Tegen de beschikking van 27 september 2019 heeft klager hoger beroep ingesteld.

Naar aanleiding van een klacht van klager bij de klachtencommissie waarbij F. is aangesloten heeft, op 18 december 2019 een gesprek plaatsgevonden tussen klager, beklaagde en een leidinggevende, waarbij de klachtenfunctionaris van F. een bemiddelende rol heeft vervuld. Klager heeft daarna op dezelfde dag via e-mail beklaagde gevraagd of zij afstand doet van de uitspraken van de gezinsvoogd of dat zij daarachter staat. Beklaagdes gemachtigde heeft bij brief van 27 januari 2020 hierop gereageerd.

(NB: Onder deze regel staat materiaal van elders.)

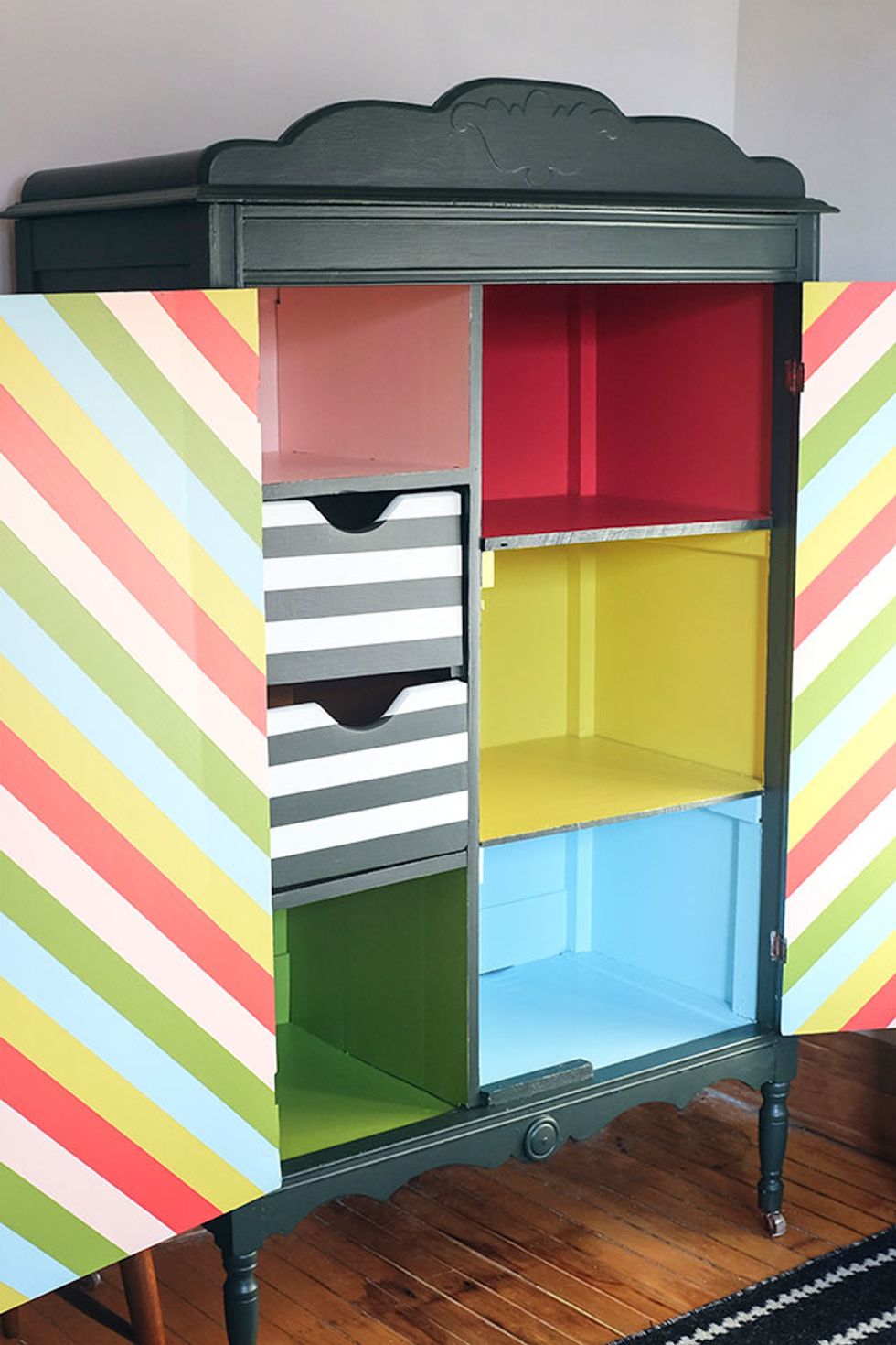 I went for a mix of horizontal and diagonal stripes, some colorful and some more restrained. I also painted each cubby a solid color, using the same mix of colors that were used for the stripes.
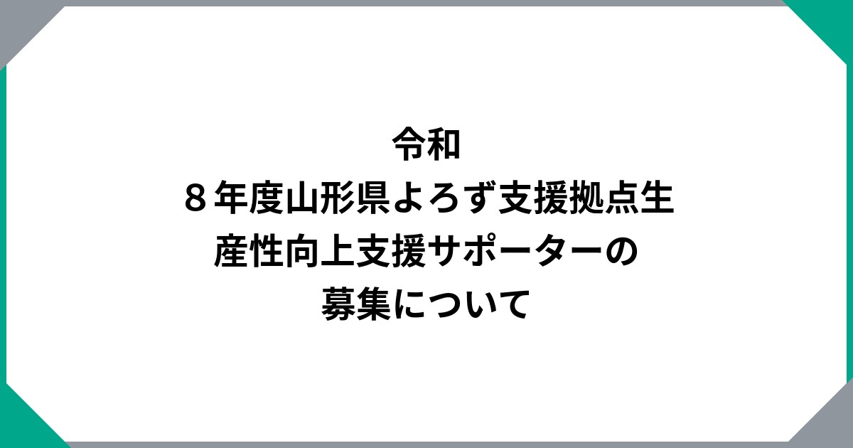 令和8年度山形県よろず支援拠点生産性向上支援サポーターの募集について
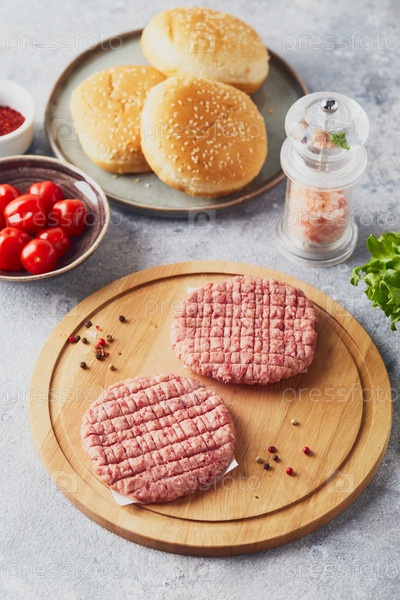 Сырое теленочное мясо, стейк-котлеты на деревянной доске

3. HET STANDPUNT VAN KLAGER EN DE KLACHT

Klager verwijt beklaagde - zakelijk weergegeven - ten eerste dat zij informatie over hem en zijn zonen L. en N. heeft gedeeld met de gezinsvoogd. Volgens klager heeft beklaagde op basis van uitlatingen van T. een oordeel geveld over hem en zijn zonen L. en N., terwijl beklaagde de jongste zonen nooit heeft gezien of gesproken. Als de beweringen van de gezinsvoogd juist zijn, dan is beklaagde veel te ver gegaan in haar uitlatingen over klager en zijn zonen L. en N. Daarnaast verwijt klager beklaagde dat zij niet transparant werkt, nu zij de informatie over klager (over wie zij zich een oordeel had gevormd) wel heeft geuit naar de gezinsvoogd maar niet met klager heeft gedeeld. Tot slot verwijt klager beklaagde dat zij niet naar eer en geweten handelt, nu zij kennis heeft genomen van het feit dat zij verkeerd is geciteerd en er uitlatingen namens haar zijn gedaan waarvan zij zegt deze nimmer te hebben gedaan. Als de beweringen van beklaagde juist zijn, dan had zij dit kenbaar moeten maken bij de gezinsvoogd en wellicht de rechtbank. Beklaagde weigert dit echter kenbaar te maken aan betrokkenen. Voorts heeft klager beklaagde ervan in kennis gesteld dat T. zijn aantijgingen nadrukkelijk heeft verzwaard in zijn aangifte bij de zedenrecherche. Beklaagde weigert medewerking om in deze complexe zaak de onderste steen boven te krijgen. Volgens klager is beklaagde bewust misbruikt door de gezinsvoogd.

4. HET STANDPUNT VAN BEKLAAGDE

Beklaagde voert - zakelijk weergegeven - aan dat zij door het delen van de gewraakte informatie met de GI uitvoering heeft gegeven aan een wettelijke plicht (artikel 7.3.11 lid 4 Jeugdwet). Daaruit vloeit niet voort dat beklaagde gehouden was om deze informatie eerst met klager en/of zijn jongste zonen te delen. Voorts betwist beklaagde dat zij een oordeel heeft gevormd over de vraag of er daadwerkelijk grensoverschrijdend gedrag van klager heeft plaatsgevonden; zij heeft enkel de zorgen van F. geuit. Volgens beklaagde is het aan de GI wat zij met deze informatie doet. Ook is het aan de GI en niet aan beklaagde om klager te informeren over de uitlatingen van T. en de gevolgen daarvan. Tot slot stelt beklaagde dat zij geen partij is geweest bij de procedure over de omgangsregeling, zodat zij ook niet weet wat daar tijdens de zitting besproken is. Beklaagde concludeert dat zij heeft gehandeld zoals van een redelijk bekwaam en redelijk handelend psychiater verwacht mag worden.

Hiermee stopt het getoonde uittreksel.